Question

Find \(f\)

\(f'''\left( t \right) = {\mathop{\rm cost}\nolimits} \)

Short answer

Required function is \(f\left( t \right) = - \sin t + C\frac{{{t^2}}}{2} + Dt + E\).

Step-by-step solution

Find a general antiderivative of \(f'''\)

Here we have,

\(f'''\left( t \right) = \cos t\)

Now, the general antiderivative of \(f'''\left( t \right) = \cos t\) is,

\(f''\left( t \right) = \sin t + C\)

Find a general antiderivative of \(f''\)

Now, we have, \(f''\left( t \right) = \sin t + C\)
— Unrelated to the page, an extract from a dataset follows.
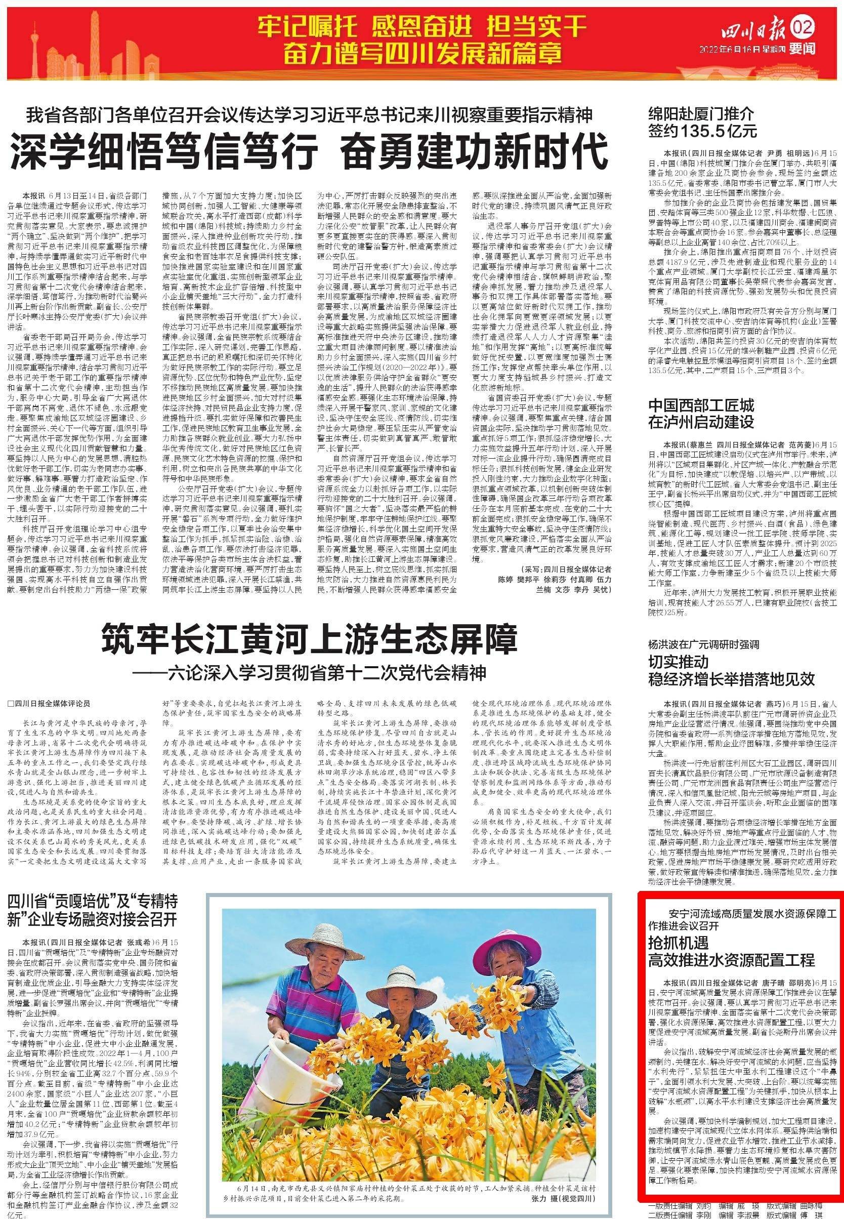 6月16日,《四川日报》2版刊《抢抓机遇高效推进水资源配置工程》一文,聚焦安宁河流域高质量发展水资源保障工作推进会议召开,会议指出要以统筹实施“安宁河流域水资源配置工程”为关键抓手,加快从根本上破解“水瓶颈”,以高水平水利建设支撑经济社会高质量发展。
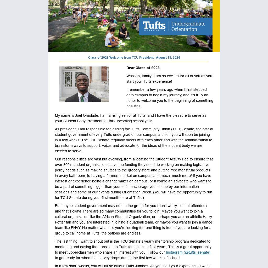 My name is Joel Omolade. I am a rising senior at Tufts, and I have the pleasure to serve as your Student Body President for this upcoming school year.

Now, the general antiderivative of \(f''\left( t \right) = \sin t + C\) is,

\(f'\left( t \right) = - \cos t + Ct + D\)

Find a general antiderivative of \(f'\)

Now, we have,\(f'\left( t \right) = - \cos t + Ct + D\)

Now, the general antiderivative of \(f'\left( t \right) = - \cos t + Ct + D\) is,

\(f\left( t \right) = - \sin t + C\frac{{{t^2}}}{2} + Dt + E\)

So, required function is \(f\left( t \right) = - \sin t + C\frac{{{t^2}}}{2} + Dt + E\).